In terms of feeling better, Howlin' Wolf, Muddy Waters, the stuff by Little Feat that kicks your butt. Start Me Up, by the Rolling Stones. Good R&B. Marvin Gaye, Junior Walker. You'll notice I haven't said much from this decade. I'm real current.
I do like to wallow in sad songs when I'm feeling sad. I sing them for that reason, too. But I never do more than three in a row. Otherwise, people would be killing themselves in the audience.
15.
[Q] Playboy: When you decided to take better care of yourself, was there a particular moment when you realized you had to stop drinking?
[A] Raitt: Well, I knew it was coming. I knew that I was going to have to stop drinking too much, because I was putting on a lot of weight and I didn't like the way I looked. And, as people who have had an episode in their lives will tell you, the more your self-esteem drops when you don't like the way you look, the more you try to deny the problem. In my case, it doubled up at a time when Warner Bros., unrelatedly, chose to relieve me of my duties for them.
I went out on the road very upset, feeling betrayed and pissed off and defiant. It wasn't a healthy, recreational kind of drinking. It was a vengeance kind of drinking. It never got in the way of my singing, because I didn't do it before the show. I wouldn't jeopardize that. So at the end of a couple of years, when I would see pictures of myself, I knew I didn't look good. The fact that I might be killing myself didn't even enter into it. The part that made me stop was that I was maybe going to do a video with Prince, and I didn't want to look like a tank next to him. I remember being so proud thinking I was the last girl singer still drinking. Then I looked in the mirror. I looked terrible and I felt terrible, and I said, "Who's winning in this contest?" I had a skiing accident, which I think was really some sort of divine intervention, because I needed some reason to get off the road. I knew I could go to A.A., because I had friends who were going and they looked and felt great and were singing great. You know, blues singers can be any weight, but let's face it: Some people look better heavier than others. I wasn't one of them, so it basically came down to pride. Vanity is a cheap way to put it. I think it was self-esteem, business sense.
16.
[Q] Playboy: When people have to give up drinking or some other addiction, does it help if they focus on what they don't have to give up?

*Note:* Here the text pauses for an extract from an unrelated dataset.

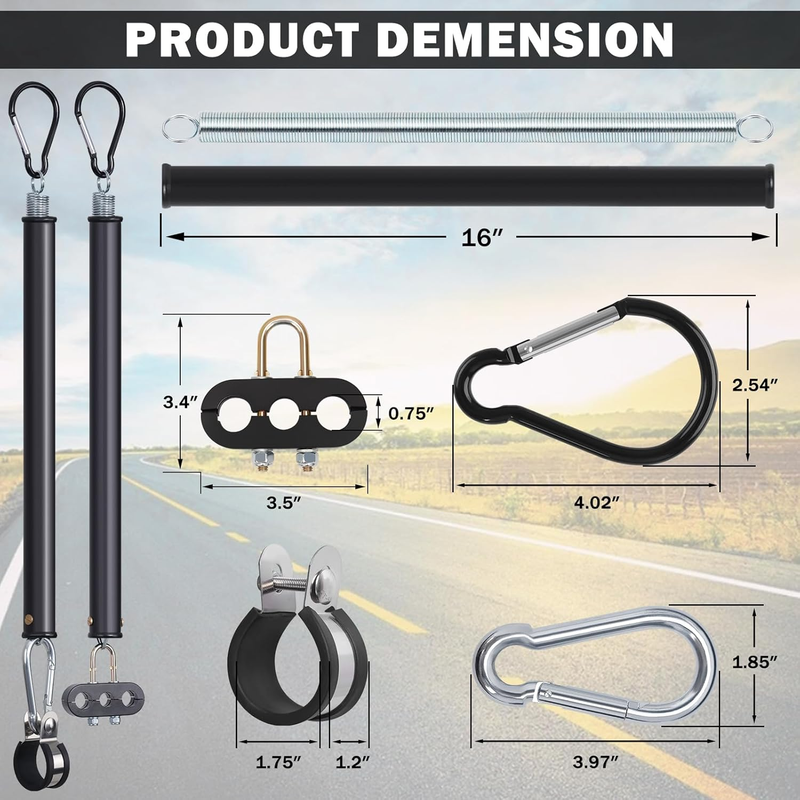 - 2PCS 16" Single Tender Spring Kit 3-in-1 Hose & 3-Hole Clamp Holder for Semi Tru

[A] Raitt: Oh, man, yeah! I thought I was going to be really boring and I'd have to be a born-again Christian or lose my sense of humor and go right to bed after the show and nobody would hang out with me. I'd never get to have a boyfriend, because I wouldn't get to go to the south of France and drink wine. All these silly things came to mind.
You don't have to give up. What you get in return is yourself. It sounds so trite, unless you're going through it. It's just that what better challenge is there in life than to be free of all the demons of what you should be and what you could have been? If you think you have a problem at all, you should check those programs out. You don't have to sign up. It doesn't cost anything. Just be around it for a little while and see if it applies. You'll know.
17.
[Q] Playboy: What's more sensuous than slide guitar?
[A] Raitt: Singing is the most sensuous, and playing guitar is the second most sensuous instrument I can think of playing. Harmonica is the third most. I'm telling you: A tall guy who plays harmonica. Now, there's a thought.
18.
[Q] Playboy: How do you react when fans approach you in rest rooms?
[A] Raitt: I don't like to be bugged in bathrooms. I mean, people hand me cassettes under the stall. It's brutal. Or they start talking to me when they know I'm in there and there's a whole line of women waiting: "So, what's Jackson Browne really like?" "Can I come out of here first before I have this conversation?"
19.
[Q] Playboy: You and Madonna find yourselves looking in the same washroom mirror in a Los Angeles restaurant. What do you talk about?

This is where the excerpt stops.